Lincoln hoped that Americans, despite being “in the midst of a civil war unequaled in magnitude and severity,” would “set apart and observe” that day “as a day of thanksgiving and praise to our beneficent Father.” He recommended that the people of the nation should also “fervently implore the interposition of the Almighty hand to heal the wounds of the nation and to restore it.”
The war would continue for another 19 months, but the nation would be restored.
Now here we are, nearly 160 years later, dealing with a wounded nation in need of restoration. Our annual day of thanksgiving is often met with cynicism and ingratitude, though arguably that negativity tends to originate from a loud and incessant minority. Yes, there are ills in our country―economically, politically, and morally—which must be addressed in order to heal and restore. It’s no different than nearly any other time in our nation’s history. There have always been and will always be issues to deal with and problems to solve.

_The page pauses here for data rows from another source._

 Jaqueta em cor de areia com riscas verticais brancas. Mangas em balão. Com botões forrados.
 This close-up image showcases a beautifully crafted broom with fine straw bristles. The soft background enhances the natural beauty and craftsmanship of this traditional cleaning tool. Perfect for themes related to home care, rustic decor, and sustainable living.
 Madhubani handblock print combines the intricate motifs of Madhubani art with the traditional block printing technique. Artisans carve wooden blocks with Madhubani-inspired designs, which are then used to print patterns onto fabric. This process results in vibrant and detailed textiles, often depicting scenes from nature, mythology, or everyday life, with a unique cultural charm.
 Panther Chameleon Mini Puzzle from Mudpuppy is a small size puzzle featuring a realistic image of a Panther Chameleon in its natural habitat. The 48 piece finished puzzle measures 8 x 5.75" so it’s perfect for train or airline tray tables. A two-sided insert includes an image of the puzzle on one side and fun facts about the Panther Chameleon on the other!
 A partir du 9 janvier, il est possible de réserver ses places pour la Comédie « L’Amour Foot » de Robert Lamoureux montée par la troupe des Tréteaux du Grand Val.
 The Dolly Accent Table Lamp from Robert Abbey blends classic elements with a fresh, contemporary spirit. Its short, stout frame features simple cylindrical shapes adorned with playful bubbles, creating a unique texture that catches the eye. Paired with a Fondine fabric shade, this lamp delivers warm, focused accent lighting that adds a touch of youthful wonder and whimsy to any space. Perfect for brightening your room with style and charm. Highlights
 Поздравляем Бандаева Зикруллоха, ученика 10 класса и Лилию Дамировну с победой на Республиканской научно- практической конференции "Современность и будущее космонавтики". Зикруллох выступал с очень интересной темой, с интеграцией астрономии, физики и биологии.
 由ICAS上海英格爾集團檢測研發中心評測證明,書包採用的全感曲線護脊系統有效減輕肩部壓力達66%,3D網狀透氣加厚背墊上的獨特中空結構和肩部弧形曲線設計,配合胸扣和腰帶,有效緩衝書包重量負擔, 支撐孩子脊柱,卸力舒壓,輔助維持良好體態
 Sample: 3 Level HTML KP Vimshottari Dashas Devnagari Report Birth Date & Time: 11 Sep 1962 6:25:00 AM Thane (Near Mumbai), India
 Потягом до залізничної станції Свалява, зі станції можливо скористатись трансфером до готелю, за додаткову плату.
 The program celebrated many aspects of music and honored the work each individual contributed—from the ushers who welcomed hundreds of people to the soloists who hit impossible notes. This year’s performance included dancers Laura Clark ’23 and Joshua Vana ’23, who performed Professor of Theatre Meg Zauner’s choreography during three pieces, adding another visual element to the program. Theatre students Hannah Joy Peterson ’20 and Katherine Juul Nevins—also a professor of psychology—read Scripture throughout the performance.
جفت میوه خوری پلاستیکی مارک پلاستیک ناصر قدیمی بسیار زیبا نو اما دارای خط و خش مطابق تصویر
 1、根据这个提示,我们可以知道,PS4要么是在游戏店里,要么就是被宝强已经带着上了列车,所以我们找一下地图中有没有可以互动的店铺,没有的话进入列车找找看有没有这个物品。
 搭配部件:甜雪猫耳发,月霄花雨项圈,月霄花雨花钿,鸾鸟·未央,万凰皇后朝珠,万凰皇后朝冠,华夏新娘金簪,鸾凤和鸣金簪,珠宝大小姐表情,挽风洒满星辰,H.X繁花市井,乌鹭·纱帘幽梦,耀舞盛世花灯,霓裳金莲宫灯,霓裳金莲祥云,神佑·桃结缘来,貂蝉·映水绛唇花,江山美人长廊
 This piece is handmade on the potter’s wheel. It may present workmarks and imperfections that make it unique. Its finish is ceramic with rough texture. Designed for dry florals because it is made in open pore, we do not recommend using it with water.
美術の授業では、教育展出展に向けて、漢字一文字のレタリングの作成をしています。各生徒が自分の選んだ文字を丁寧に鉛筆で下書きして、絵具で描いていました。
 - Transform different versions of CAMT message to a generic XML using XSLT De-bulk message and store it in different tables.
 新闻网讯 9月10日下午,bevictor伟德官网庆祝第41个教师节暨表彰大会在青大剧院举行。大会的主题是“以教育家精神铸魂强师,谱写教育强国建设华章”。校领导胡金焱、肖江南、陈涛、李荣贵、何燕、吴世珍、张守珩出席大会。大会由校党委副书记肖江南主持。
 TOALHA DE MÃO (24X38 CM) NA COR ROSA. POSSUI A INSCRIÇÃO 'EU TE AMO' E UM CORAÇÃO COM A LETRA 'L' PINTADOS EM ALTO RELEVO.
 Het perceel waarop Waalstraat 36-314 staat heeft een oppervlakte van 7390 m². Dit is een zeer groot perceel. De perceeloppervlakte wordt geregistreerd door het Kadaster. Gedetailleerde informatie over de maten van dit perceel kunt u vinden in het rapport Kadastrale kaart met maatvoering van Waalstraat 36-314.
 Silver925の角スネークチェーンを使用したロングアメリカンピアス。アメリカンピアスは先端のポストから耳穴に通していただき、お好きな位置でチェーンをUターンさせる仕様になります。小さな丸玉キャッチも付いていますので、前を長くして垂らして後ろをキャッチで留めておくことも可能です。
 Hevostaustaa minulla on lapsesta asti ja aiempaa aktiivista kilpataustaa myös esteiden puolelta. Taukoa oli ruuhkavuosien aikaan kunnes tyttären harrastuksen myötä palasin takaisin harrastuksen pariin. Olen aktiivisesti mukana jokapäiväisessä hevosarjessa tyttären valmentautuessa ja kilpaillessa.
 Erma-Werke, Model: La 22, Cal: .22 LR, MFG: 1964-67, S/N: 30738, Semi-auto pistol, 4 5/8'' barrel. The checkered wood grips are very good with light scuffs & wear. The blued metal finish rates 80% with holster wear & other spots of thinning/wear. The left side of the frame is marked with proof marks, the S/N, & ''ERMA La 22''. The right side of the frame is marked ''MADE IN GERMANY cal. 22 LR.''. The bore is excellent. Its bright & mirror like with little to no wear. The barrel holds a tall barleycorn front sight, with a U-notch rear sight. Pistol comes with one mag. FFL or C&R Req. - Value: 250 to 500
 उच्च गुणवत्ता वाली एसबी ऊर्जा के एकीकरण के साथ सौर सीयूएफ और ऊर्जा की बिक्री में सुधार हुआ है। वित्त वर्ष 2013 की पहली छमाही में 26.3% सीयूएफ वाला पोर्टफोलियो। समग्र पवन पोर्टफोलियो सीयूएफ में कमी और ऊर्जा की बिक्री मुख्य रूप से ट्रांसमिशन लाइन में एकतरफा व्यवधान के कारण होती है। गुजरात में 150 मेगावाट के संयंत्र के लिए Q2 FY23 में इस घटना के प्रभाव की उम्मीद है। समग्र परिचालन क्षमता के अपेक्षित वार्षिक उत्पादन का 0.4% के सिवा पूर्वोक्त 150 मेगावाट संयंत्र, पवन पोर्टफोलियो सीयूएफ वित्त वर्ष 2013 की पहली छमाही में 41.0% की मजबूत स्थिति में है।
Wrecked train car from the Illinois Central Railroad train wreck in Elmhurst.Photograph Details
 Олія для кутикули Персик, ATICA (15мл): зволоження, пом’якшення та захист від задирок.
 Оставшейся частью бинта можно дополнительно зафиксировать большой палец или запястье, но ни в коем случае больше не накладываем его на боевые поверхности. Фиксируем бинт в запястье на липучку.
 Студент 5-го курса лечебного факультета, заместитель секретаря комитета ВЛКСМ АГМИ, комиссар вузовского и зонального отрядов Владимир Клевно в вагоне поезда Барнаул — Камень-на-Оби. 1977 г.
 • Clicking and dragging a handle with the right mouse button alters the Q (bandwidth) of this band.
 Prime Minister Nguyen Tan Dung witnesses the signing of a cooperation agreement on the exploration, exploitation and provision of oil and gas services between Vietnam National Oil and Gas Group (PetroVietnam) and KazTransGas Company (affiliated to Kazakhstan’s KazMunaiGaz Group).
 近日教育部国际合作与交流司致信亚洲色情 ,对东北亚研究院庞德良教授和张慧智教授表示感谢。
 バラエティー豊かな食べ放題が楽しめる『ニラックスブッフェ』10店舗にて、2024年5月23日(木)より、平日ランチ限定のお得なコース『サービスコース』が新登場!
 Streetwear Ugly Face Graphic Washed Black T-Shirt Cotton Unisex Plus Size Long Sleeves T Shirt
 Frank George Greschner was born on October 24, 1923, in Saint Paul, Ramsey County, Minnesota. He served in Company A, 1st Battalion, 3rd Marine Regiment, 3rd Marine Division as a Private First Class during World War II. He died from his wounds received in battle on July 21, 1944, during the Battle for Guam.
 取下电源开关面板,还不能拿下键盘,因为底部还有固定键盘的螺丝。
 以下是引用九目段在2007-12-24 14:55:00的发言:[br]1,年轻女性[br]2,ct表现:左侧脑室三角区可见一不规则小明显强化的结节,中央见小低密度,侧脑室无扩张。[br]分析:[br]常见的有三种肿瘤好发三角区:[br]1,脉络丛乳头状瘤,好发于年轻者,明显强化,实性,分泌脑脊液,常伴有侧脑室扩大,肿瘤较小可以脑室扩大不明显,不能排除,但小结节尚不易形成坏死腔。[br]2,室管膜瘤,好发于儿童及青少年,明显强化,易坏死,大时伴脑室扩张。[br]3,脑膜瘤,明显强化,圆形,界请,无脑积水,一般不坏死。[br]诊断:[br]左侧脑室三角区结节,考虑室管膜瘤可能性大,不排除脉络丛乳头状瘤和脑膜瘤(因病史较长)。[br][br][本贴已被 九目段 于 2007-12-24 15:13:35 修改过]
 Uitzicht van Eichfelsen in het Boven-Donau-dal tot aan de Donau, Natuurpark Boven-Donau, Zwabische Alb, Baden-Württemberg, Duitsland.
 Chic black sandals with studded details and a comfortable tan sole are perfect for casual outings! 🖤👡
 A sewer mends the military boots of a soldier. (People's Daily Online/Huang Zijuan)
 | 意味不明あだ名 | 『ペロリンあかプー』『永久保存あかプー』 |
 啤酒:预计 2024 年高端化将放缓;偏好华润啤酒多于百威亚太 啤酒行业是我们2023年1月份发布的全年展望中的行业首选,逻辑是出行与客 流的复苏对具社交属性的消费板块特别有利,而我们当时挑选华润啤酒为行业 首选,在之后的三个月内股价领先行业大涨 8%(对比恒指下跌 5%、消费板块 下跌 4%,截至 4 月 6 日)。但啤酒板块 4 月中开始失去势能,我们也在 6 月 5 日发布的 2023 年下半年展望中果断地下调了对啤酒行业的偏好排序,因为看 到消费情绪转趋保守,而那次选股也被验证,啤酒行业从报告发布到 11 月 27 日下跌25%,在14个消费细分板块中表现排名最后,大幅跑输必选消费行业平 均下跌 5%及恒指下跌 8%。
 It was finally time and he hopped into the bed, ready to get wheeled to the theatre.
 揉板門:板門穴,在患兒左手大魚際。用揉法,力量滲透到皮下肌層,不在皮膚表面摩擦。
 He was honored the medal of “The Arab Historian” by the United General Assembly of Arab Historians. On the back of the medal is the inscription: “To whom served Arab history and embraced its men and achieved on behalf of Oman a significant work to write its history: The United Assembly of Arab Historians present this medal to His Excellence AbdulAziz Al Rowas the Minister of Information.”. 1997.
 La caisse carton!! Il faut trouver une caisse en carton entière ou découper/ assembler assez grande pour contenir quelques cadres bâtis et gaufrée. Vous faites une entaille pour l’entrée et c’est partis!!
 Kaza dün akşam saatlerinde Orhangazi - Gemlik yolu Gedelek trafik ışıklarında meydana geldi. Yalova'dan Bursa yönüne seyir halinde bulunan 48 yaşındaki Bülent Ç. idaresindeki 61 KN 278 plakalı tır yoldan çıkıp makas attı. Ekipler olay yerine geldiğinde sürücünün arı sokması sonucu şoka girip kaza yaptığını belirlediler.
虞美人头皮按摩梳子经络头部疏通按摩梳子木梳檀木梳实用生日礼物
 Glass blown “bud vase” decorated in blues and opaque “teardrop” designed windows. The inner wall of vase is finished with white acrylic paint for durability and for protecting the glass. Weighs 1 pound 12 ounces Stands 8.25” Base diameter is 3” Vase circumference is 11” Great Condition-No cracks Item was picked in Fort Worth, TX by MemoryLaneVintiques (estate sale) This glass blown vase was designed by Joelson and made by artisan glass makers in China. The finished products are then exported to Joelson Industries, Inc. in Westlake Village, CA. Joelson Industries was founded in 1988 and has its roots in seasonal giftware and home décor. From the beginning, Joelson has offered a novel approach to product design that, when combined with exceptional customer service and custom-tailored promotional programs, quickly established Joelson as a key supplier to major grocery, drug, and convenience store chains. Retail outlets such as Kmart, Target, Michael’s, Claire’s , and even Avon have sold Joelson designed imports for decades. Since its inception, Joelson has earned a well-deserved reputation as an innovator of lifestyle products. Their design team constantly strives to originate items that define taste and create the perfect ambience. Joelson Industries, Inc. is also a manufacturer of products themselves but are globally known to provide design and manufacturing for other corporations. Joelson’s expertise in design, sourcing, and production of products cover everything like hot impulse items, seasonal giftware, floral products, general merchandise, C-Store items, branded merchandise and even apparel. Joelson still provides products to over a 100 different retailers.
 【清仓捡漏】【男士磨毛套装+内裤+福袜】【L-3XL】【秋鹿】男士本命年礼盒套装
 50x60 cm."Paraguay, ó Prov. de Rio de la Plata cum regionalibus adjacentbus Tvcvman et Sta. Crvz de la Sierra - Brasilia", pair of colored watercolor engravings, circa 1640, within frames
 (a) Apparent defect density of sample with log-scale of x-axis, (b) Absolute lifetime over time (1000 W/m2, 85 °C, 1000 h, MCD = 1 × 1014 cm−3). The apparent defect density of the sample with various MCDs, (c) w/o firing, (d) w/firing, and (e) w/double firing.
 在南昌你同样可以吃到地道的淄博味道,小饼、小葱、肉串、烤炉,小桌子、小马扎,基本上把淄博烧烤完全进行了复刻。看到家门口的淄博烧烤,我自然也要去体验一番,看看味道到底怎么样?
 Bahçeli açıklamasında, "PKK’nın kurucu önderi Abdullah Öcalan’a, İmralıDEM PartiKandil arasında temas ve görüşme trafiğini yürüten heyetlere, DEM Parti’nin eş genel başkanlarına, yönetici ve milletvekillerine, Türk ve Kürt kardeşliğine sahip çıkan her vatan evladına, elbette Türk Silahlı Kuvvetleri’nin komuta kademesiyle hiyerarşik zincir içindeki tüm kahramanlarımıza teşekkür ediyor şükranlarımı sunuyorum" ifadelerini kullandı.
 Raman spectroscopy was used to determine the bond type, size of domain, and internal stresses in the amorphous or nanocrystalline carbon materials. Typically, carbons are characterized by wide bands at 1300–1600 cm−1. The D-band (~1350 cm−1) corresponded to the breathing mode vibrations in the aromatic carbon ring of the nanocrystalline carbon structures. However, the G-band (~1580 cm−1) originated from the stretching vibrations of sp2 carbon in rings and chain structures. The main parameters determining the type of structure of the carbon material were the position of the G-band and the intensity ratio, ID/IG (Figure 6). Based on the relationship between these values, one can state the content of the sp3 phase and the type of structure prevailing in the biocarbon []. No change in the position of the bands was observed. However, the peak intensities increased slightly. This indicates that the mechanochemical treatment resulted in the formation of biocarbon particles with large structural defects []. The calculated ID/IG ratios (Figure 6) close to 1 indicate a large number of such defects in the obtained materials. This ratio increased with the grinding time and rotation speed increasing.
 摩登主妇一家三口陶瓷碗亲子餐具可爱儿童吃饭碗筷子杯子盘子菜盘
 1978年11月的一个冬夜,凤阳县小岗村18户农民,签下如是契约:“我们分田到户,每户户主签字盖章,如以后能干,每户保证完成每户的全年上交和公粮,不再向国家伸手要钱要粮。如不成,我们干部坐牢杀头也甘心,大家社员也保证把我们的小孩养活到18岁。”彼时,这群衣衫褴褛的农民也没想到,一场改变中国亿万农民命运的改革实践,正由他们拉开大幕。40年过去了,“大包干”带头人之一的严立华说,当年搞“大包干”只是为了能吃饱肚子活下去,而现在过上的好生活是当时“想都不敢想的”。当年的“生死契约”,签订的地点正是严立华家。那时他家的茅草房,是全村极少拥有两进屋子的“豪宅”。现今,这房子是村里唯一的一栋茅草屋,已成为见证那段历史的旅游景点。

Despite this, Thanksgiving Day shouldn’t be added to the list of days in which we find ourselves complaining or pondering our ills. It should be the day that our hearts and minds are focused solely on being thankful for the blessings we have. We can look back over the 400 years of incredible―even supernatural―prosperity and providence bestowed upon the United States. Despite our ills, our land is the most sought after on the globe. It’s evident that the grateful words of Edward Winslow continue to echo across borders and oceans: “by the goodness of God, we are so far from want, that we often wish you partakers of our plenty.”
This coming Thanksgiving Day, let us be partakers of that plenty, not simply in food, but in reasons to be grateful.